Save money – store your pH electrodes properly!
Combined pH electrodes (commonly pH electrodes) are electrochemical sensors which are in interaction with the sample. The strongest exposure concerns the most important parts of the electrodes, glass membrane and junction with the reference system in its back. For the storage of pH electrodes are some points to be considered. But first we give for better understanding of the principle a short view on the functionality.
The principle of a pH electrode is that H+ ions penetrate the surface of special glasses and cause a shift of the charge in comparison to the reference system. This electrical charge delivers a weak potential which can be detected by using sensitive electronics.
A close look on the pH electrode reveals that a pH electrode is nothing but an ion selective electrode with a high selectivity for hydrogen ions. As common to all ion selective electrodes interferences are existing for ions with similar characteristics (charge, size).
What is the reason for this? Glasses consist of a framework of silicon tetrahedrons which have a non-crystalline ordering but are amorphous in different orientations. Particularly in pH sensitive glasses are lithium ions embedded which are very small and from a chemical view of the periodic system are in the alkali group close to hydrogen. Hydrogen ions penetrate in the glass surface (gel layer) into the gaps occupied by lithium ions and cause the charging of the membrane. Size matters: Only hydrogen ions, lithium ions and sodium ions at a certain concentration and pH value are able to create or to simulate a pH value. The term “sodium error” describes exactly this phenomenon, but comes only to exist when the pH is very high; correspondingly the concentration of hydrogen ions is very low. The same applies to lithium which is in daily lab routine much less common.
And so we build the bridge to the storage of pH electrodes. Sometimes it is stated that solutions containing potassium ions (commonly 3 mol/l KCl solutions) are not suitable for the storage of pH electrodes because they supposed to interact with the membrane and reduce the selectivity or sensitivity for hydrogen ions. This is not the case. A reduced sensitivity results in a reduced slope. Practical experience shows: highly reduced slope is a result of mechanical or chemical treatment, scratches or long term exposure to extreme pH values and/or temperatures. Electrodes which are only subject to a “normal” daily lab routine show over their complete life time only little change of their slope.
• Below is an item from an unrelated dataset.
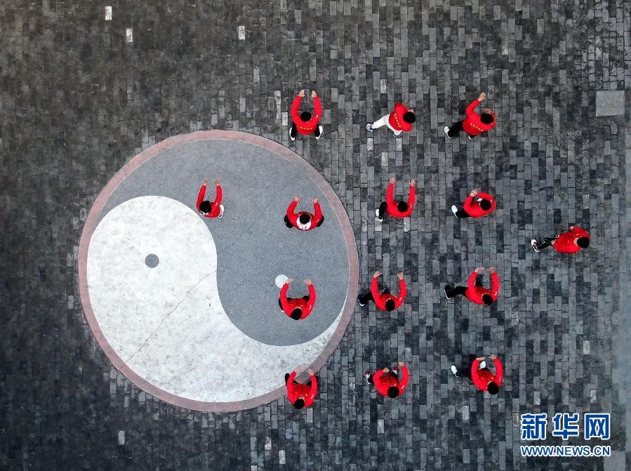 河南省焦作市溫縣第一高級(jí)中學(xué)的學(xué)生在操場上練拳(無人機(jī)照片,12月15日攝)。
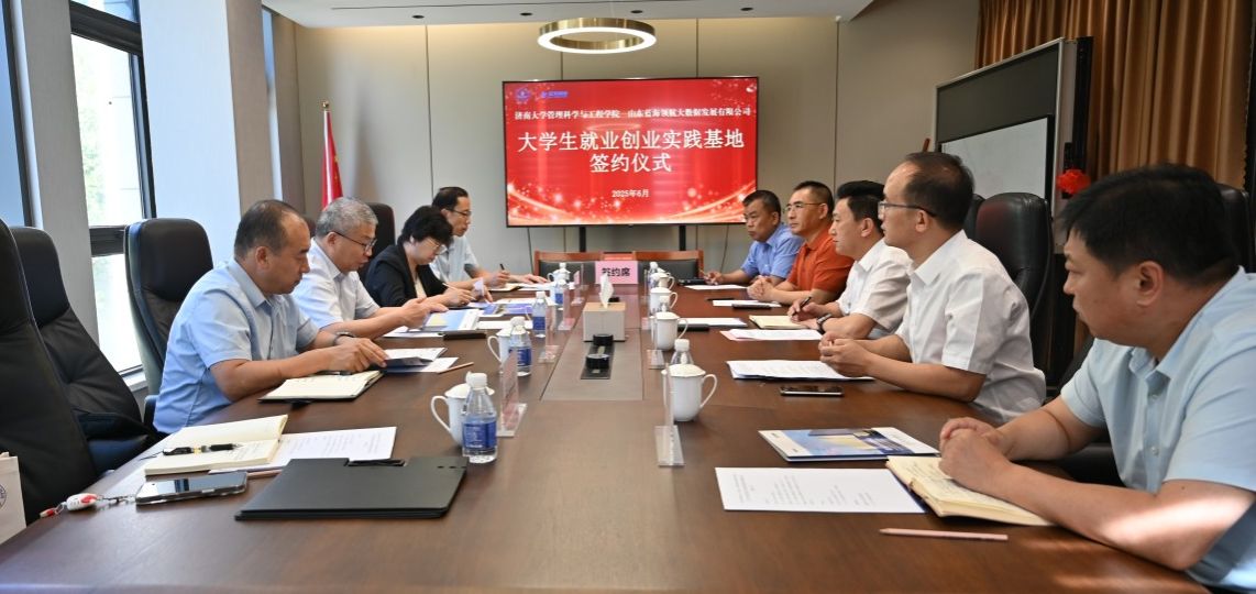徐征和在致辞中介绍了学校的发展情况,特别是在大数据、人工智能、数字经济等领域的新突破,希望学校与企业在人才培养、科研攻关等领域进行深度合作,拓宽就业渠道,为毕业生创造更多高质量就业机会。李经国介绍了章丘区的历史文化及产业发展情况,希望双方能进一步搭建校企对接平台,共同探索“订单式培养”“实训基地共建”等合作模式,为章丘区输送更多高素质技术技能人才,助力企业稳岗拓岗,实现校地共赢。徐伟从学院的办学规模、师资力量、发展质量、科研实力、育人成效、服务社会等方面,介绍了管理科学与工程学院为社会输送高素质人才的能力与成果。董新建详细介绍了企业近些年来在算力支持、安全保障、标准认证、校企合作等领域的发展情况,并表示企业将深度推进实践基地建设,为学生们提供更多的实习实践机会,推动人才供需精准对接。

But: Electrodes show a drift of the asymmetry. It is caused by the reference system which is today almost exclusively a silver/silver chloride system embedded in highly concentrated potassium chloride solutions. In order to maintain the life time particularly for gel and polymer electrodes it is important that during storage the conditions inside of the electrode and in the storage solution are identically.
A lower concentration of potassium chloride or the use of other solutions (particularly cleaning of electrodes with polymer or gel systems with pepsin/hydrochloride acid should be very short) will not only result in a slower response because of so-called memory effects but also lead to a decrease of the concentration in the inner electrolyte which is irreversible in case of gel or polymer electrodes and may result in a drift of the asymmetry outside the standard tolerance of +/- 30 mV.
Because of this the long term storage of pH electrodes should always take place in an electrolyte which corresponds to the type and the concentration of the electrolyte of the reference system, typically 3 mol/l KCl solutions. Is it not available, e.g. during an outdoor measurement the watering cap was incidentally emptied, a pH buffer can be used. In case of need the membrane can also be moistened by some drinking or river water, but never use distilled or deionized water. Basically put the electrode as fast as possible into 3 mol/l KCl solution in order to avoid a washing of the KCl and to extend the lifetime of the electrodes for many additional measurements. So it is possible to increase the operation time with only little efforts.